== Directions ==
Retype only the lines below from the one with "[교육]『미국 특허 라이선스와 협상』과정 신청 안내" to the one with "Роджер, магазин игрушек", inclusive, skipping every image.

== Available data ==
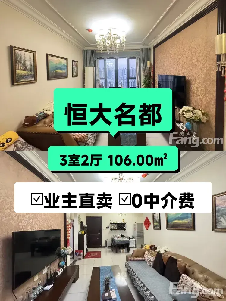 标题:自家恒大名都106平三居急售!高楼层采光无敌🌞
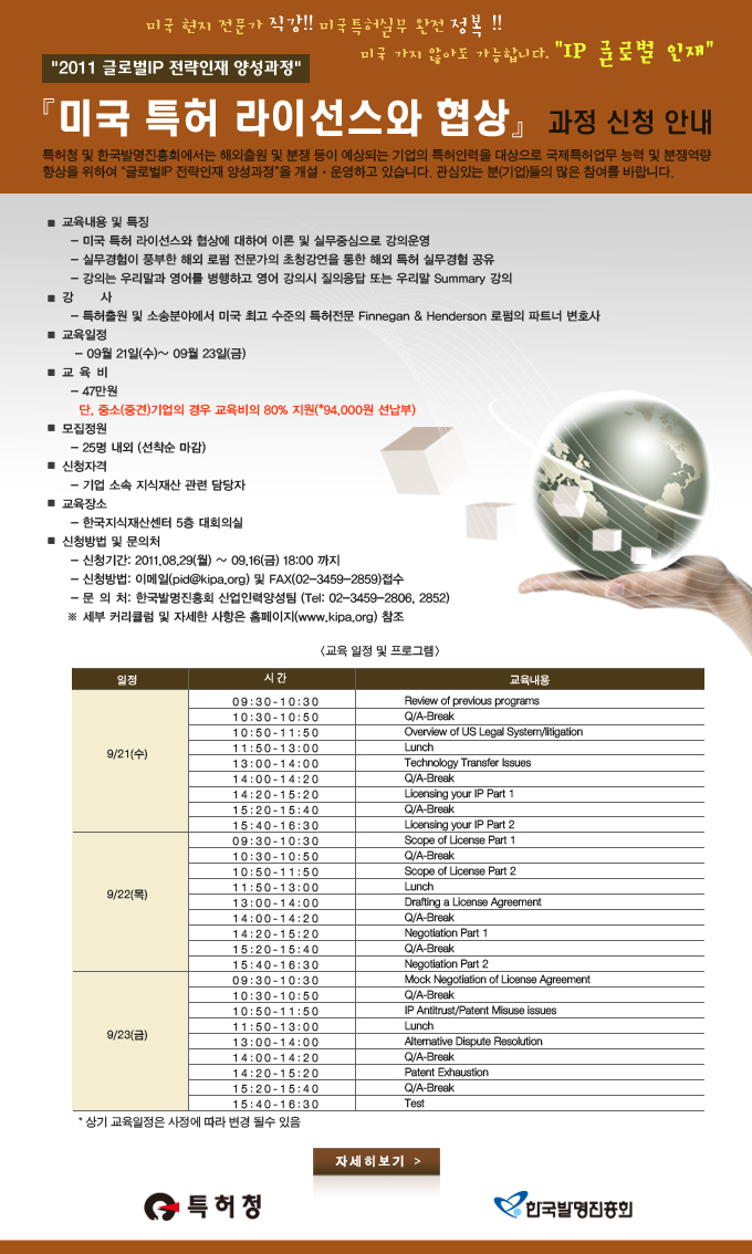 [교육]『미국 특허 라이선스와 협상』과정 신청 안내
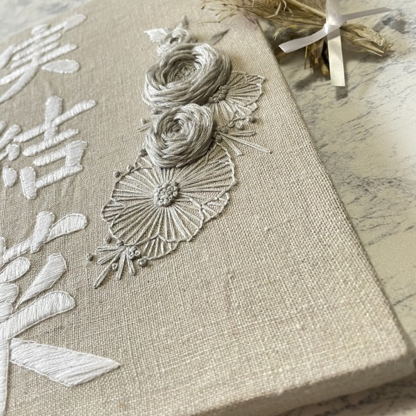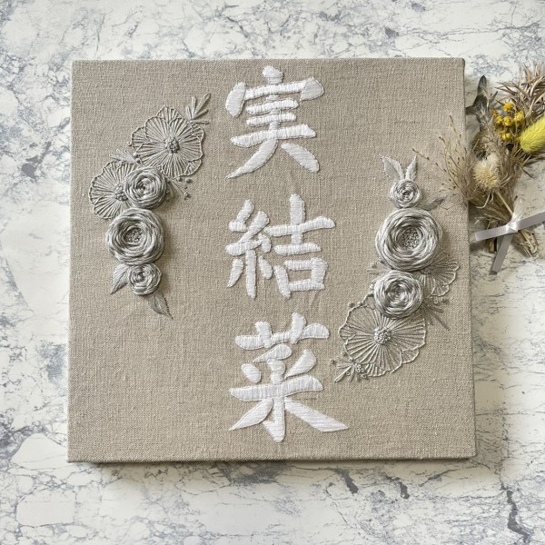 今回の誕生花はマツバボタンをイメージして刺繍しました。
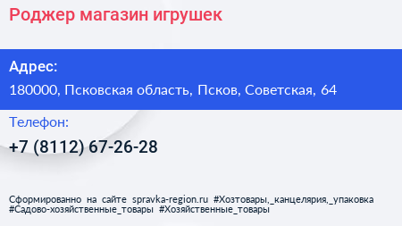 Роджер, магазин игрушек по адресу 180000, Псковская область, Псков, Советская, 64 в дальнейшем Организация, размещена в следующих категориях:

==

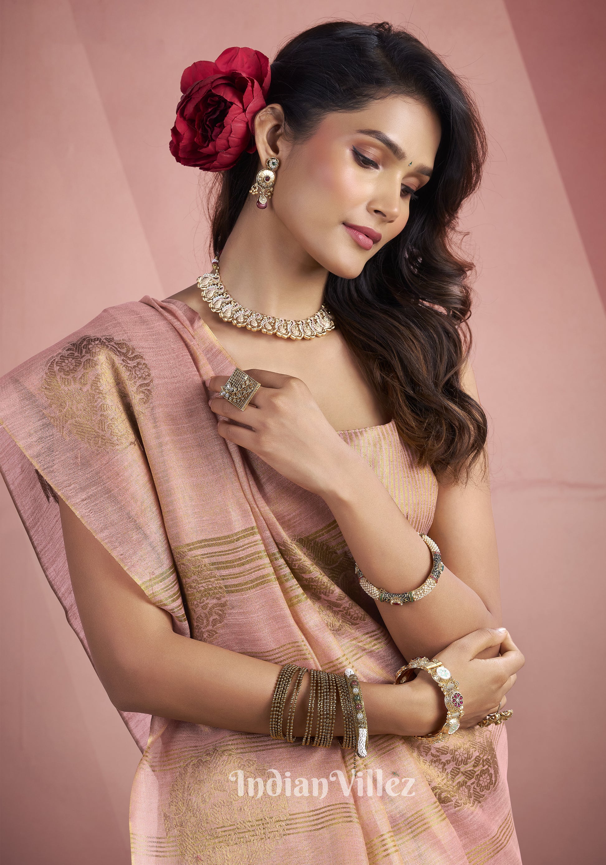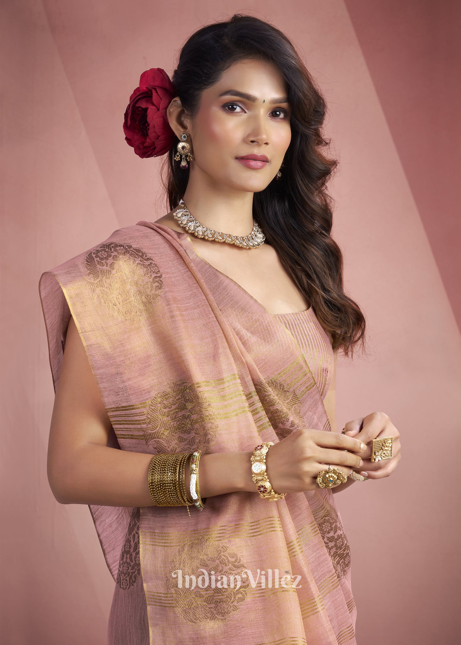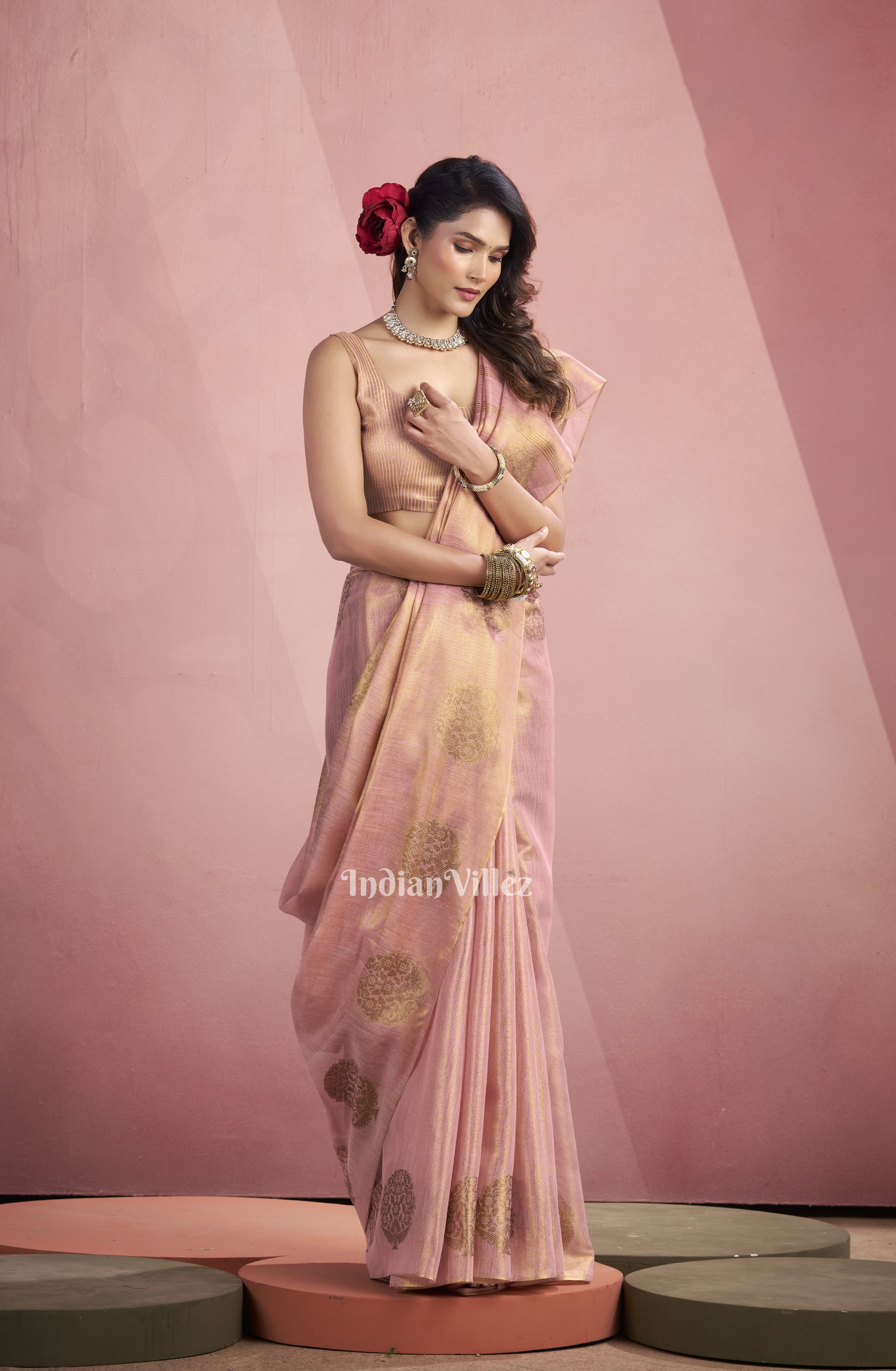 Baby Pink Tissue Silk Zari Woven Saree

== Problem solution ==
 [교육]『미국 특허 라이선스와 협상』과정 신청 안내
 今回の誕生花はマツバボタンをイメージして刺繍しました。
 Роджер, магазин игрушек по адресу 180000, Псковская область, Псков, Советская, 64 в дальнейшем Организация, размещена в следующих категориях:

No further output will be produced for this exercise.